A Pox on Both Political Parties

October 14, 2013  |  No Comments  |  by Barney Bishop  |  Columns

Published in: Context Florida

Our beautiful 237-year experiment in democracy has brought us to a difficult crossroad.  Either we are going to continue to lurch from financial crisis to financial crisis or someone in Washington, D.C., is going to have to get over their childish temper tantrums.

At this point in time I’m ready to declare a pox on both political parties for their unwillingness to sit down and negotiate.

The problem is that both political parties are trying to score political points at each other’s expense and America is the one suffering for it.

Instead, all of us should be demanding that our elected leaders put aside their important differences and do the country’s business.  Note that I acknowledged that the differences are important, but in a country where compromise is expected everyday by every average American, why do we allow our politicians to behave like spoiled, rotten children?

Take President Obama, for example.  He came in riding on a white steed and he promised us all “change.”  He hasn’t changed a single way that Washington does business.  Instead, he now boldly says that he will not “negotiate” on the debt limit.  Mr. President, we (I use the word “we” loosely because I didn’t vote for him either time – but he is still the president) elected you to lead this country, and you’re going to go down in history as the most obstinate president we’ve ever had.

So they want to cut the heart out of your health-care program.  Is that a surprise to anyone given the way it was passed, without any bipartisan support?

Inasmuch as the Republicans control the House, you are going to have to work with them because they are part of our government.  They have a voice in the affairs of this country and you can’t ignore them without making this country look like any run-of-the-mill banana republic.

Oh, you can blame the Republicans all you want, but everyone knows in any fight that there is generally plenty of blame to go around.

Republicans, you have to bear responsibility for your actions as well.  Look, I loathe Obamacare.  But to prove what you are saying, you have to have enough faith in what you’re preaching.  Get it?

Obamacare is going to collapse of its own weight.  It’s too massive, too unworkable, too expensive, too confusing and for all of the promises that were made, very little if any of it is ever going to come true.

If the unions, who supported this ill-fated idea, can now say with a straight face that the working men and women of this country are going to get screwed by this socialistic medical debacle, isn’t that good enough for you?

Don’t defund Obamacare now, because your views, which by the way are shared by the vast majority of independents (and these are the folks that you want in any election!), will never get proven.  If you are ever successful in defunding Obamacare, the Democrats are just going to say it failed because you made it fail.  Let it fail on its own – because it will!

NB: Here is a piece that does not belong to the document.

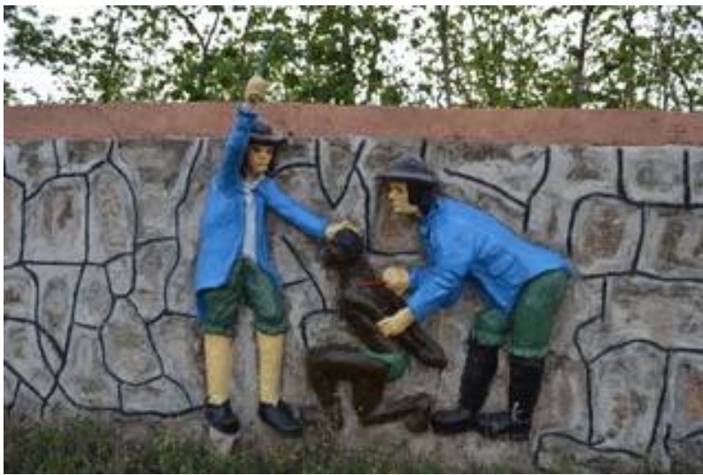
Denkmal zur Erinnerung der Versklavung von den Schwarzen am damaligen Markt der versklavten Menschen in Savalou, Benin „Ein versklavter Mensch wird am Rücken mit einem glühenden Eisenstück markiert“.

Seit dem Ende des Ost-Westkonfliktes erleiden viele ehemalige Kolonien weitere bewaffnete Konflikte, die nicht immer mit politischen Ideologien verbunden sind, sondern von Geopolitik und „Rohstoffsicherung“ abhängen. Besonders in afrikanischen Ländern führt die Jagd nach Ressourcen seitens der Industrieländer dazu, dass bewaffnete Konflikte „proviziert“ oder die existierenden Konflikte in Gang gehalten werden. Natürlich geschieht dies nicht ohne die Unterstützung von lokalen politischen Kräften und Kollaborateuren. Außerdem führen noch heute Negrophobie und Rassismus, genau wie in der Zeit der Versklavung der schwarzen Menschen zu einer Verschärfung der Konflikte und zu der Banalisierung ihrer Folgen.

And to show what little respect both Dems and Repubs have for the intelligence of the American people, you then cut yourselves and your staff in for an exemption on Obamacare?  How despicable can y’all be?

I say again, a pox on both of your political parties.  Because if you think that the tea party movement is unwieldy, unorthodox and unforgiving, wait until you stir the common folk across this land. Then we’ll finally realize that the only thing important to each of you is your own measly existence — at the expense of the greatest political experiment ever devised by mankind.